Assignment:
Retype the material that follows exactly, limited to the lines from the one with "影院观赛模式就与各种VR头显" through the one with "Dámské Trekingové Kolo", and keep out all pictures.

Data excerpts:
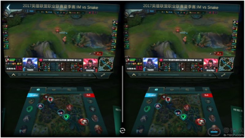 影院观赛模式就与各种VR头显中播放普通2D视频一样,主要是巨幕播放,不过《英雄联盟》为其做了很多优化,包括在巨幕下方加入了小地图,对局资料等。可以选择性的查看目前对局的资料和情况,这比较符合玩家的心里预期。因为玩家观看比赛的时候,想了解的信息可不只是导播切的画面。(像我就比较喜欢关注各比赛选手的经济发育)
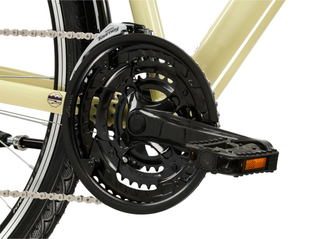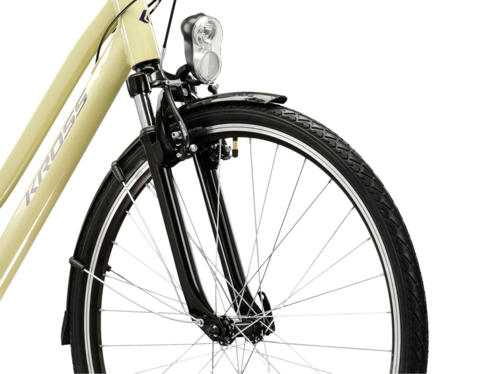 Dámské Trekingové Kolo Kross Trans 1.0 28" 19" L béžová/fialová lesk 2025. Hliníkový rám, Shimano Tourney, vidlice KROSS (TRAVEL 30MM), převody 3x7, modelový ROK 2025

---

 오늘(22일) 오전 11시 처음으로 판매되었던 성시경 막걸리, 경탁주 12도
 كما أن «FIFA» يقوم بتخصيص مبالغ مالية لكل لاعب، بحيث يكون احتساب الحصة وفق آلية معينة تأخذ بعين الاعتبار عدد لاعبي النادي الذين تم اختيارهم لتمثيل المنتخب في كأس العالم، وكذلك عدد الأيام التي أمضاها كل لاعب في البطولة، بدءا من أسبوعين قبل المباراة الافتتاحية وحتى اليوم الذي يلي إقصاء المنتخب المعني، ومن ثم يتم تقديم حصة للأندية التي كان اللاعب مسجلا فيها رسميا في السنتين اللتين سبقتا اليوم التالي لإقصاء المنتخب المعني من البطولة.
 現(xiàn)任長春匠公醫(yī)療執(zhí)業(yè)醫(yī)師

Result for this exercise:
 影院观赛模式就与各种VR头显中播放普通2D视频一样,主要是巨幕播放,不过《英雄联盟》为其做了很多优化,包括在巨幕下方加入了小地图,对局资料等。可以选择性的查看目前对局的资料和情况,这比较符合玩家的心里预期。因为玩家观看比赛的时候,想了解的信息可不只是导播切的画面。(像我就比较喜欢关注各比赛选手的经济发育)
 Dámské Trekingové Kolo Kross Trans 1.0 28" 19" L béžová/fialová lesk 2025. Hliníkový rám, Shimano Tourney, vidlice KROSS (TRAVEL 30MM), převody 3x7, modelový ROK 2025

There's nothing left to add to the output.